Burnpool, The - 1995 The Burnpool



ARTIST: Burnpool, The
ALBUM: The Burnpool
LABEL: I/O Records
SERIAL: -
YEAR: 1995

COUNTRY OF ORIGIN:

LINEUP: Rayne Johnson - vocals * Maike Davis - guitars * Lee Chidgey - keyboards, vocals * Matt Chidgey - bass, vocals * Mike Mudd - drums, percussion

TRACK LISTING: 01 Titan * 02 Snowblind * 03 Same Old Song * 04 Bad Attitude * 05 Guilt Release * 06 Once Around * 07 In The City * 08 Head For The Hills * 09 Don't Follow Me * 10 Calling America * 11 Jane


Background
Let's be honest.. 1995 was a shit year in AOR, wasn't it? Actually, the prior three years were too. However the tide was about to change. Not exactly drowning but then not exactly searching for an AOR lifeguard were Californian band The Burnpool. A sometimes complex sound befits this band. From Simi Valley, they are a mixed bag, but quite classy all around! With a keyboard player in the mix you just know these guys can play a bit, the only non-redeeming feature is the 'less than convincing' vocal performance of Johnson.. unfortunately. However, it's more than made up for by the solid production of guitar legend Bruce Kulick (Good Rats, Michael Bolton, KISS).
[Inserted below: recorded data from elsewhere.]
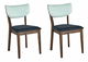 Táto súprava dvoch jedálenských stoličiek je dokonalou kombináciou moderného dizajnu s retro nádychom. Každý kus je vyrobený z vysokokvalitného kaučukového dreva, ktoré zaručuje odolnosť a stabilitu. Profilované operadlá čalúnené svetlomodrou látkou krásne ladia s tmavomodrou sedacou časťou a tmavými drevenými nohami. Vďaka konštrukcii bez bočných opierok ich môžete umiestniť k akémukoľvek stolu.
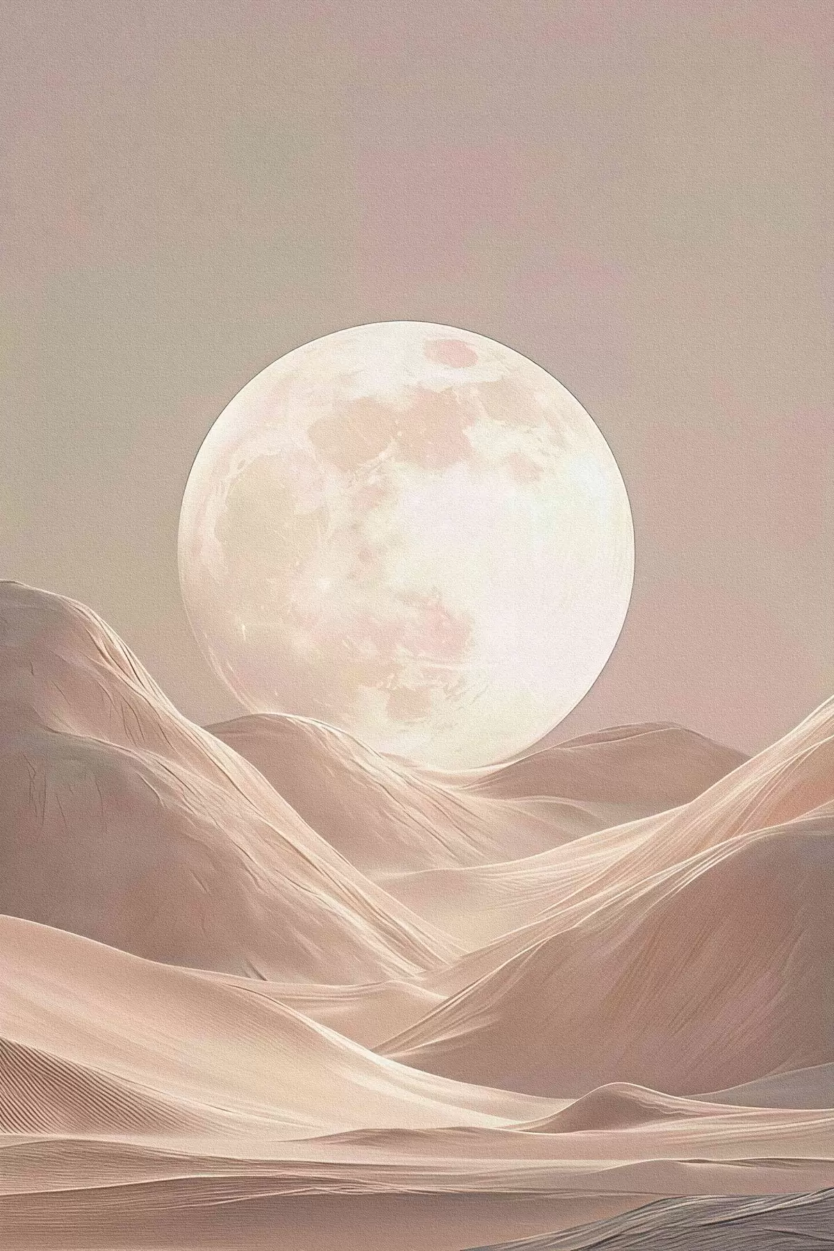Wandbilder Mond über Sanddünen in rosa Farbtönen s45892
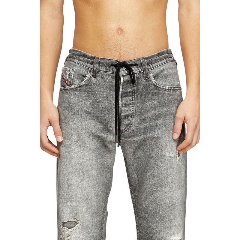 This DNA wash blends an innovative vision with authentic denim character. A digital graphic print replicates the abrasions and natural wear-and-tear of a lived-in jean, creating a trompe l’oeil effect in shades of grey.
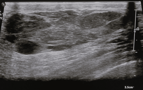 Figure 3. Breast ultrasound – breast ultrasound shows a tissue formation with the long axis parallel to the cutaneous plane, well-circumscribed, heterogeneous, with hypoechoic with hyperechoic trabeculae and posterior acoustic enhancement. Image credits: El Yousfi Z, El Mansoury FZ, El Bakkari A, Omor Y, Latib R. Breast hamartoma with synchronous contralateral breast cancer: a case report. Cureus 2024; 16(8): e66534. DOI: 10.7759/cureus.66534. Reused under the terms of the Creative Commons Attribution License CC-BY 4.0. (https://creativecommons.org/licenses/by/4.0/deed.en).
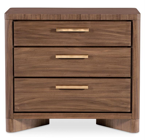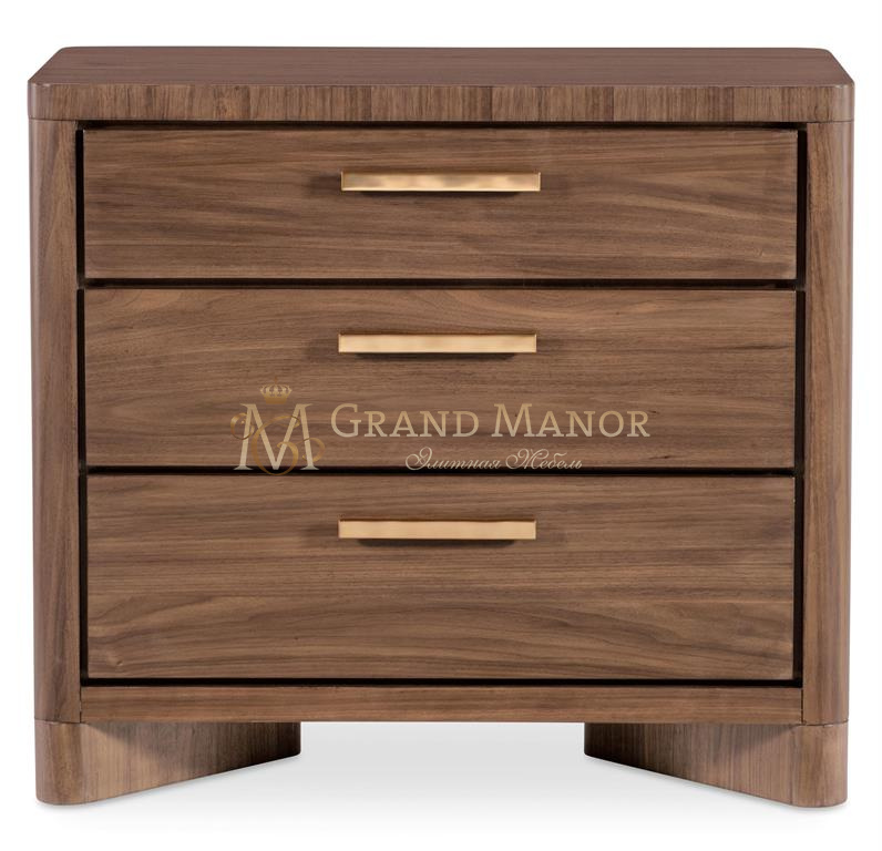Прикроватная тумбочка Eleana с тремя выдвижными ящиками, созданная для удобства и стиля, отделана светло-карамельным шпоном орехового дерева, фурнитурой из бронзы с покрытием и закругленными углами. Встроенная зарядная станция с двумя розетками и тремя самозакрывающимися выдвижными ящиками делают ее функциональной и роскошной для хранения у кровати.
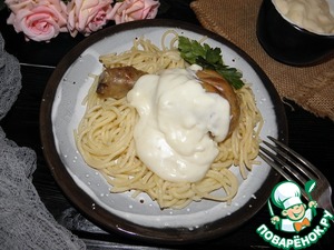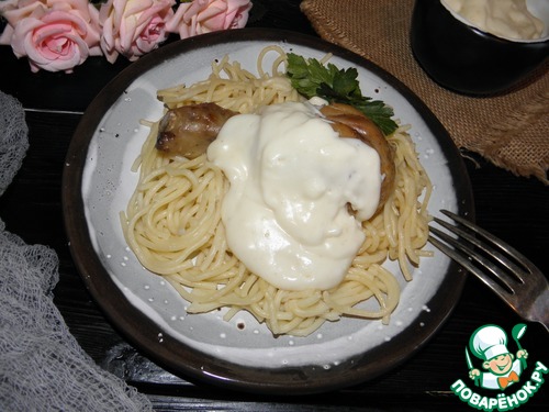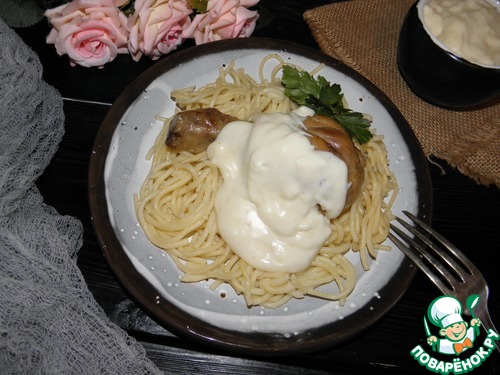Соус по этому рецепту получается не очень жирным в сравнении с вариантами, где используются сливки и твердые сыры. Но при этом вкус остается насыщенным сырно-сливочным. -

Mix in similar era acts like Biloxi, Stone Soup (a.k.a French Lick) Artica, and Sic Vikki and you'll know where these guys are coming from. The guitars are damn good, the rhythm section is spot on, and the songs have a 'different' ring to them.. somewhere between epic, progressive and hair metal.. not necessarily in that order. The opening two tracks 'Titan' and 'Snowblind' are a very strong opening pair. Rough and tough approach with melodic agggression. 'Same Old Song' is less metal, and after a promising intro, is spoilt by the now annoying tones of Rayne Johnson. 'Bad Attitude' features some cutting guitars from six-stringer Davis, while some Skull like influences make their prescence felt on 'Guilt Release'.


The Songs
The band move positively onto 'Once Around': great intro, cool verses, and a swingingly memorable chorus that Axel Rose would be proud of. 'In The City' is another powerful track, not unlike the excellent Biloxi, while 'Head For The Hills' tries its best to invoke memories of past HM glories somewhat unconvincingly, though it's roots are firmly entrenched in the sound of Euro legends Accept. Despite the name 'Don't Follow Me', you are forced to trudge behind them with this unremarkable tune. However, saving graces are delivered on the last track, with a stirring rendition of Jefferson Starship's 'Jane' (not 'Jade' as some would have you believe on their CD sleeve). Probably not as good as the Roko version, but creditable nonetheless.


In Summary
I think it's all been said before, a great band sort of made to sound ordinary by their singer (remember Melidian anyone?). However, the overall result is still way above average, but just think what it could've been!! Another for the one-off wonders award.